====== SOURCE DATA

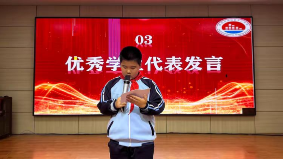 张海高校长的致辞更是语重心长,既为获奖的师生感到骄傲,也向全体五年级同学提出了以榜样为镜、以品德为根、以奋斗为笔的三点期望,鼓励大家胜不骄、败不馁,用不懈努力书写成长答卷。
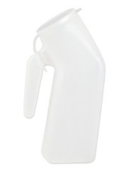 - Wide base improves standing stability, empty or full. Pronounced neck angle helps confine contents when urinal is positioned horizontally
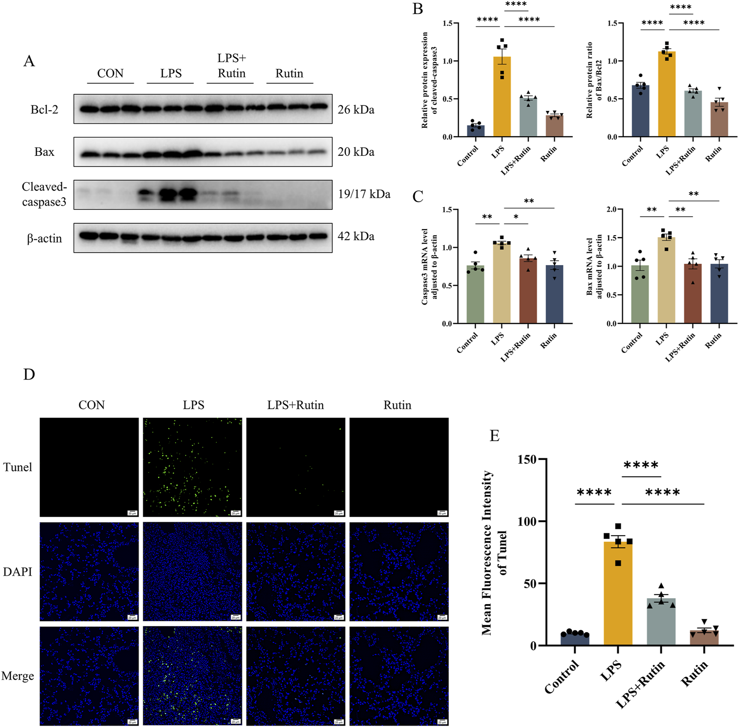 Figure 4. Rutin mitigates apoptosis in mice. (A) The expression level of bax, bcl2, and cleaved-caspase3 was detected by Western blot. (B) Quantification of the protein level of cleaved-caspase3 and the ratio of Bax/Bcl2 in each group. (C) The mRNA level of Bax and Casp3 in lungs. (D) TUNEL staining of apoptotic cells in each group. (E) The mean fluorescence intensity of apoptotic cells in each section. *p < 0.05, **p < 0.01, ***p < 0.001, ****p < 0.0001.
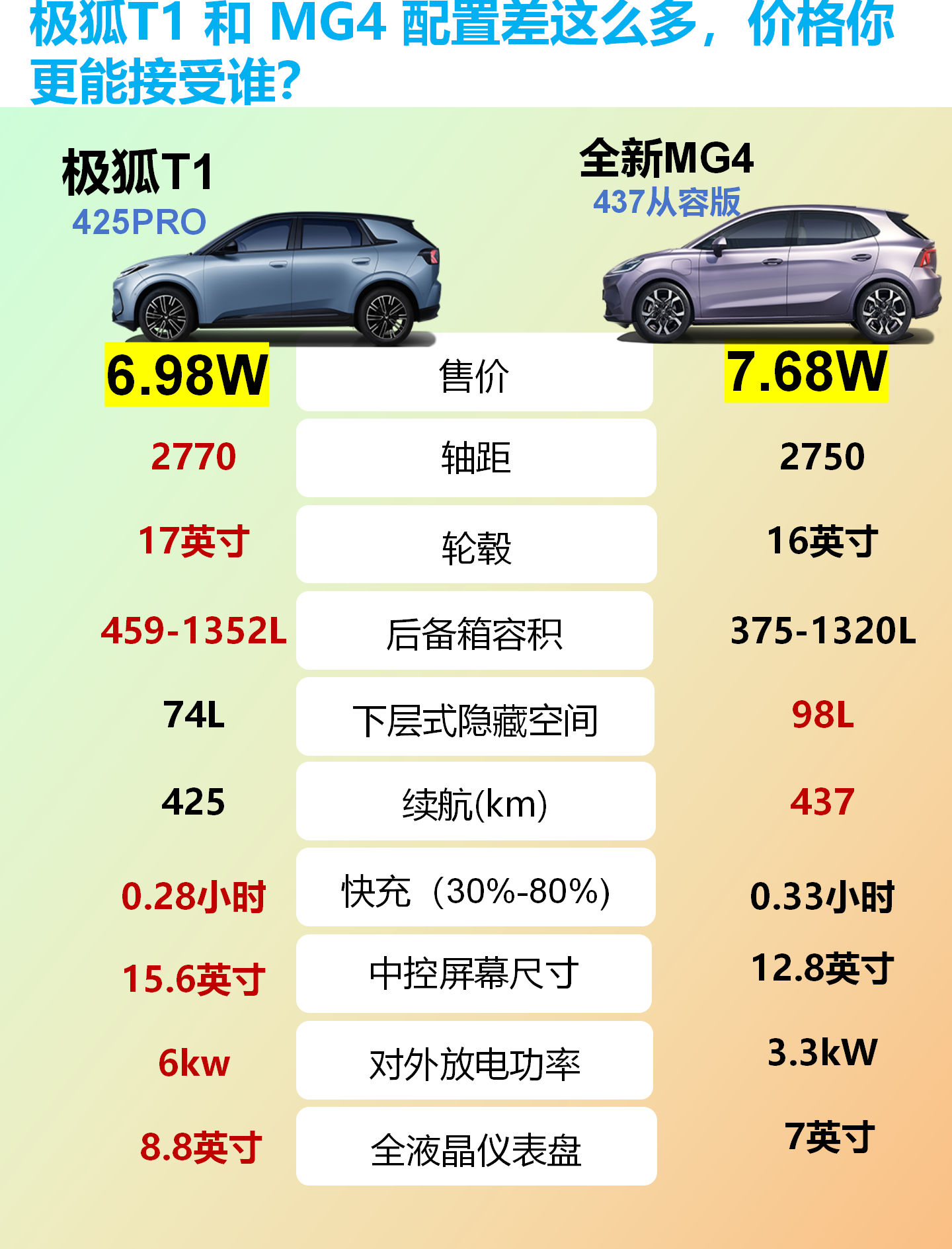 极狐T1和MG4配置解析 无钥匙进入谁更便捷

============

Give back, unaltered, each line of the listing from the first to the line that contains "- Wide base", leaving every picture out.

 张海高校长的致辞更是语重心长,既为获奖的师生感到骄傲,也向全体五年级同学提出了以榜样为镜、以品德为根、以奋斗为笔的三点期望,鼓励大家胜不骄、败不馁,用不懈努力书写成长答卷。
 - Wide base improves standing stability, empty or full. Pronounced neck angle helps confine contents when urinal is positioned horizontally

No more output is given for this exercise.